Despite the ability for overall clinical reasoning demonstrated above, AI also came up with some real clangers. For example:
- Case diagnosis: diverticulitis. GPT-4 response: “An ectopic pregnancy is extremely unlikely given her age but should not be entirely dismissed without further investigation.” Reason this response is incorrect: the patient is a 71-year-old woman. Physicians would not perform a pregnancy test in this situation.
- Case diagnosis: diverticulitis. GPT-4 response: “Given her recent travel to Texas, a gastrointestinal infection might be considered, though the localised nature of her pain and the lack of diarrhea make it less likely.” Reason this response is incorrect: while traveller’s diarrhea is common, travel to the state of Texas is not generally considered a risk factor.
- Case diagnosis: Gastroesophageal reflux disease. GPT-4 response: “Acute coronary syndrome: Even with the added information, this still remains high on the differential due to the age, male gender, risk factors (hypertension, hyperlipidemia, family history of heart disease), and the nature of the pain. The lack of dyspnea on exertion, paroxysmal nocturnal dyspnea, and orthopnea does decrease the likelihood slightly, but it can’t be ruled out.” Reason response is incorrect: dyspnea on exertion, paroxysmal nocturnal dyspnea, and orthopnea are all findings that are more commonly associated with heart failure rather than acute coronary syndrome.

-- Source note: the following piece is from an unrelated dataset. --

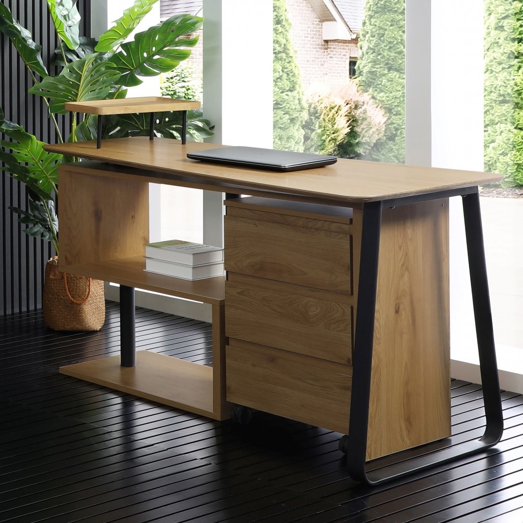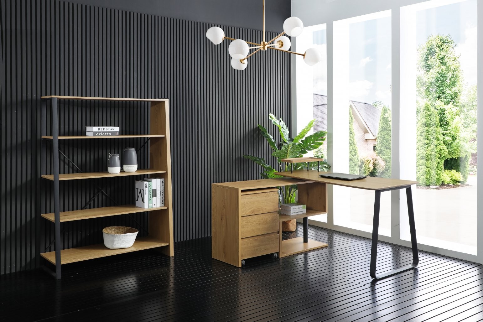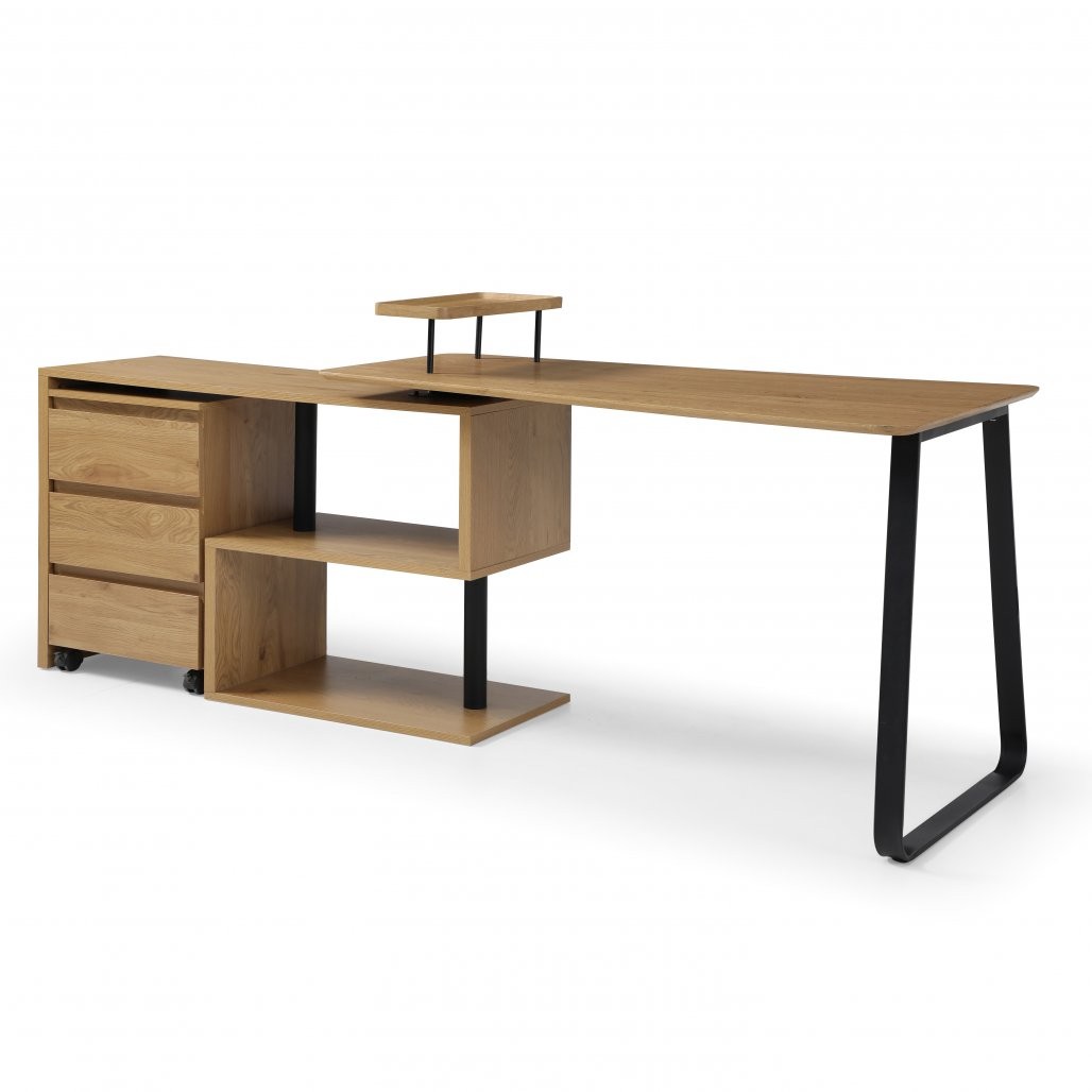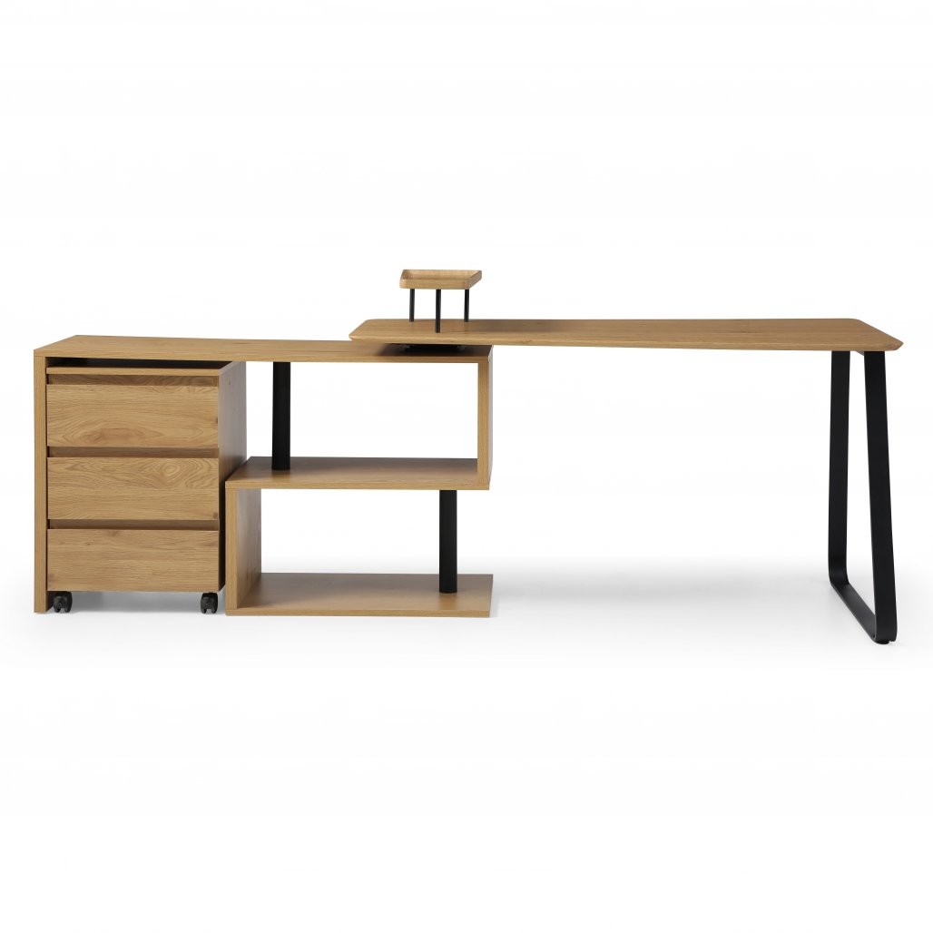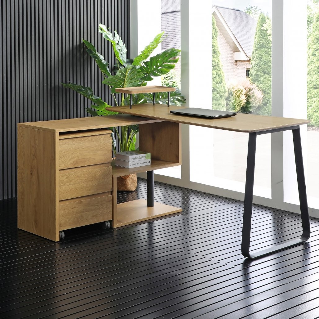 - Suvremeni radni stol koji se može proširiti iz običnog pravokutnog oblika u kutni stol u obliku slova L

- Case diagnosis: Heart failure exacerbation. GPT-4 response: “Venous insufficiency: Given the bilateral lower extremity edema and the jugular venous distension, chronic venous insufficiency is a consideration.” Reason response is incorrect: while venous insufficiency can cause lower extremity edema, it does not generally cause distension of the jugular veins.
Everybody scored highly for clinical diagnosis. ChatGPT-4 had the same score as residents for cannot-miss diagnoses (67%) with attendees scoring 50%.
Refreshingly, all the data from this study is freely provided by the authors to anyone who wants it. That’s part of setting the example for how we need to engage with AI in the health setting, author Dr Alan Rodman, a general internist at Beth Israel Deaconess Medical Center in Boston (USA) and co-director of the Innovations in Media and Education Delivery (iMED) Initiative, told TMR.
“I’m not an AI researcher (or at least, not a computer scientist or informatician). I’m a practicing physician who researches how human physicians think,” Dr Rodman said.
“What I’m hoping to do is to encourage the highest clinical standards in AI research ― focusing on actual workflows, clinically meaningful interventions, and holding us to the standards that we do in other parts of clinical research (leading up to RCTs). In this case, as an experiment ‘Turing test’ type study, having our data open is part of that.”